Un secondo cantiere è dato proprio dalla capacità di intercettare la vita delle persone, in particolare delle famiglie. Il territorio non è solo un dato geografico ma è costituito dall’insieme delle relazioni che si vivono in un particolare contesto sociale. La cura dei più deboli, in particolare malati e anziani, la formazione dei ragazzi e l’orientamento dei giovani, a tutti i livelli, la problematica del lavoro, della casa e, ultimamente, addirittura del cibo, il discernimento del bene comune e la solidarietà civile, sono luoghi dove la Chiesa non può mancare, anzi sono gli unici spazi ancora rimasti per un annuncio rinnovato della fede. Anche questo dell’evangelizzazione è un cantiere aperto, non tanto in relazione alle forme quanto al suo contenuto. La polarità non è più tra vecchia e nuova evangelizzazione, ma tra autentica e falsa evangelizzazione, dove per autentica si intende credibile, evangelica, efficace, capace di dare delle risposte alle attese dell’oggi. Un quarto cantiere riguarda senz’altro i presbiteri, chiamati a uscire dal proprio isolamento e a dialogare tra loro e con i laici, a non negare più la loro umanità ma ad integrarla nello scambio esistenziale con i membri della propria comunità, colmando così un vuoto lasciato aperto da un impianto formativo più orientato alla funzionalità del ruolo che alla testimonianza della vita. Questa maturazione non indebolisce ma specifica ancora di più il ministero ordinato. Qui si prospetta un altro lavoro in corso, riguardante gli organismi di partecipazione, che devono passare da strumenti di consultazione a soggetti di analisi e di proposte, fino ad assumere anche il ruolo della legale rappresentanza e della responsabilità diretta.

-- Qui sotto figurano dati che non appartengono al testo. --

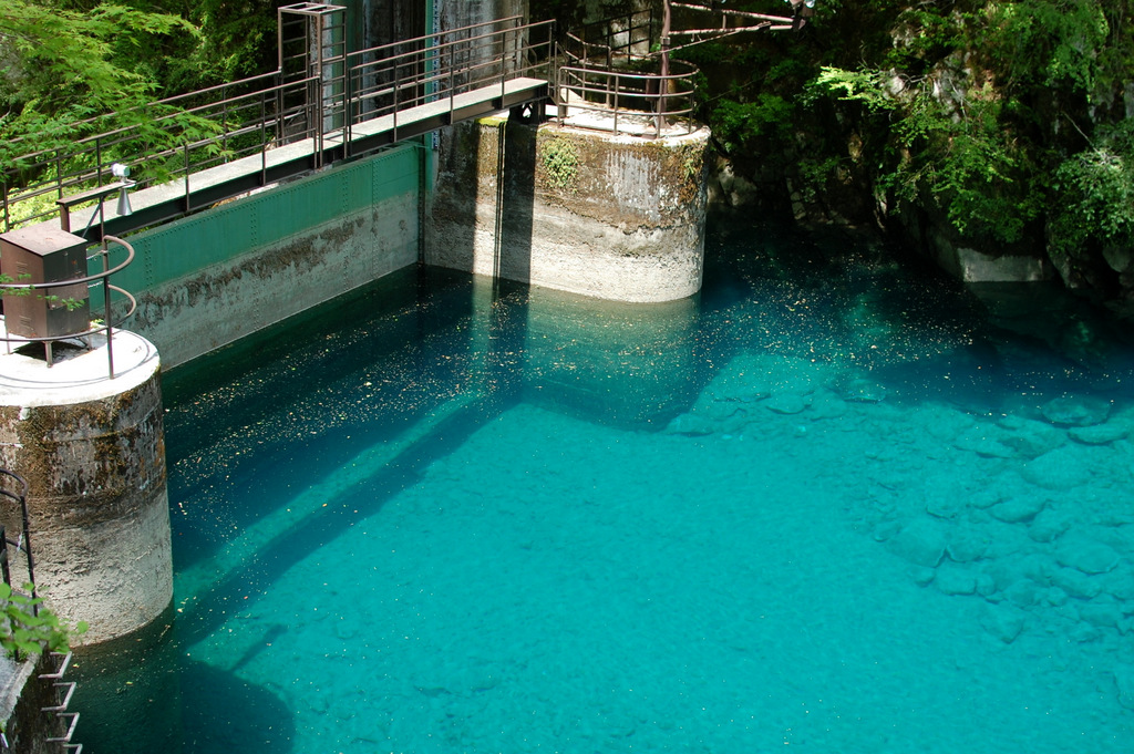 ダムの上流側は、ターコイズブルー、あるいはエメラルドグリーンの水面が見られるんだけど、今日は陽の差し具合がイマイチで期待していた色には程遠いね・・・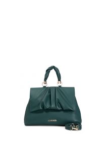 Cartella in similpelle dalla struttura semirigida con pattina valorizzata da morbide pieghe e manico twist .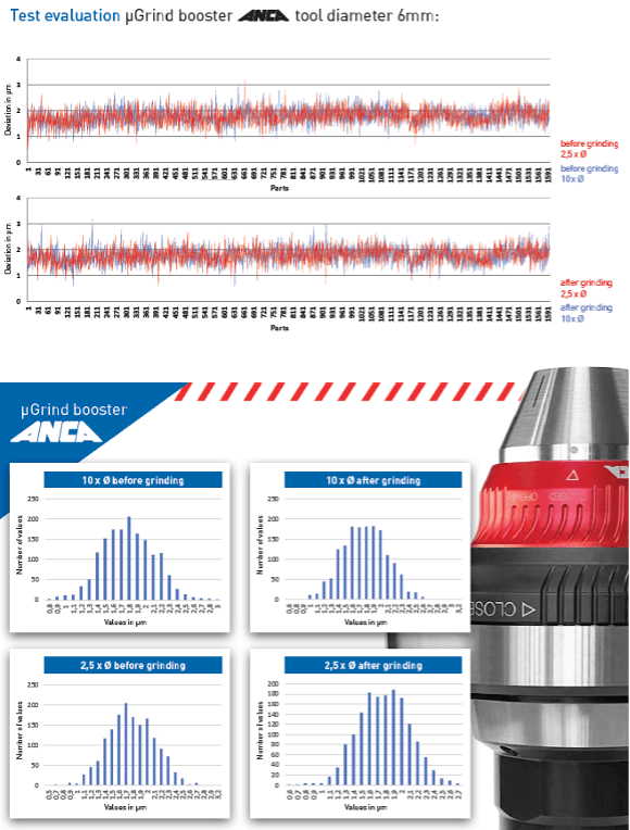 µGrind performance has been tested in real-life applications and the results are very consistent. A test was performed over a large batch of 6mm tools where runout was measured before and after grinding at 2.5 x Ø and 10 x Ø. Even with thousands of clamping and diameter changes, the runout remained virtually unchanged.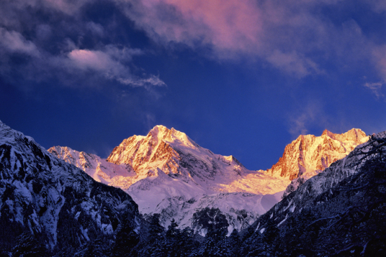 其一,日照金山。海螺溝身處山腳,周圍有海拔6000米以上的衛士峰

L’esposizione aveva sullo sfondo l’avventura della Visita pastorale a cui stiamo mettendo mano, nella ricerca di non editare un copione già scritto ma, come ha avuto modo di ribadire il vescovo, di attivare le risorse di fede e di esperienza presenti nel territorio per avviare cammini percorribili. Per cui le risonanze sono state numerose e hanno sottolineato l’importanza della comunione tra presbiteri, della promozione della ministerialità, del coraggio di fare scelte operative, della costituzione di gruppi di vita più che gruppi di lavoro, della valorizzazione delle spinte positive presenti nel territorio al di là delle strutture consolidate, dell’investire nella prossimità, soprattutto a livello caritativo date le situazioni di povertà sempre più emergenti. Un altro passo avanti, almeno nello destabilizzare il conservatorismo del “si è sempre fatto così”.